Je passe en revue mes livres et n’y trouve aucun hôtel. Il y est plutôt question de maisons de famille, lieux construits à l’ancienne reliés à l’enfance, fermes de l’oncle ou du grand-père, petites locations du bourg. Nous nous visitions peu les uns les autres et ne partions pas en vacances. Des hôtels, je n’en ai connus qu’au cours de mes années vagabondes alors que j’avais cessé de faire ce qu’on attendait de moi, du pucier immonde sans fenêtre au palace avec hôtesses en sari haut de gamme et gardes armés sous le portique d’entrée — pour une nuitée seulement tant le tarif était exorbitant. Depuis que j’ai fermé les yeux, des images me reviennent de ces endroits de passage, surtout des pensions modestes où j’ai pu faire étape : chambres sans fioritures ni lampes ni accessoires, draps douteux ou pas de drap du tout, pas de hall d’entrée ni bureau d’accueil ni distributeur de boissons. Ainsi que des molécules en suspension, les souvenirs remontent, images bruits odeurs, s’égarent puis se regroupent dans une ambiance inspirée de divers continents. Je laisse faire. Les mots liberté et solitude tournent en boucle. Bientôt je sens, je vois, je mesure tout ce que j’aurais pu écrire.

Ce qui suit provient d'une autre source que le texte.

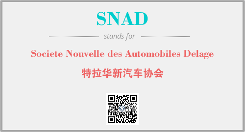 上述内容是“Societe Nouvelle des Automobiles Delage”作为“SNAD”的缩写,解释为“特拉华新汽车协会”时的信息,以及英文缩略词SNAD所代表的英文单词,其对应的中文拼音、详细解释以及在英文中的流行度和相关分类、应用领域及应用示例等。

Au début rien n’est révélé des alentours. On sait qu’on est au bord d’une mer à saisir la nature forte de la lumière.
Rumeur de vagues au proche — impossible de se tromper.
Rien qu’un cabanon de plage dans une île éloignée des villes, entouré d’arbres longs et penchés à têtes ébouriffées. À louer à la semaine.
J’ai quitté le bungalow en haut de plage pour gagner l’intérieur de l’île à l’opposé de la mer. Le champ d’observation s’est élargi. Des rideaux végétaux se succèdent en tons de verts bleutés et luisants. À force de marcher à travers cette jungle douce et charnelle, on finit par tomber sur la résidence aux colonnades blanches et terrasses avec chaises longues protégées par des moustiquaires.
Tout semble réel : arbres aux feuilles découpées, herbe tondue devant la façade, matière grenue des pierres du bassin aux poissons d’argent. Il y a des animaux dans la palmeraie, on les entend fureter. Rongeurs, lézards, autres reptiles. En dépit de la luxuriance, le ciel a pris large place, d’un bleu entêté. Les espaces intérieurs se révèlent paisibles et sombres à pousser la porte, plus lourde qu’on ne l’aurait cru.
Rien qu’osier rotin bambou paille de riz.
Le plancher délavé par les pluies tropicales est infiniment doux sous le pied. Il est facile de circuler d’un espace à l’autre, escaliers dissimulés par des voiles agités de vent frais qui conduisent à l’étage et desservent des chambres délimitées par des cloisons tressées.
au matin précoce
rumeurs-frissons de colibris
un nouveau monde se recompose
Et les cloisons semblent palpiter en accord avec la respiration du voyageur qui dort dans le besoin de reconstituer ses forces. Il rêve. Il vit sans fin dans cet endroit d’accueil entre la paillote et l’hôtel, contraintes effacées, comme s’il était parvenu à la fin du parcours et avait trouvé ce qu’il cherchait. Des légendes, rameutées par le souffle puissant des palmeraies qui entourent la maison d’hôte, se murmurent. Elles alimentent le sang et parlent à l’intérieur de l’être. J’ai séjourné longtemps dans cet hôtel de rotin et de paille à la porte lourde et au bassin de pierre, je reconnais cette chambre d’ombre et ce rêve qui colle à la peau.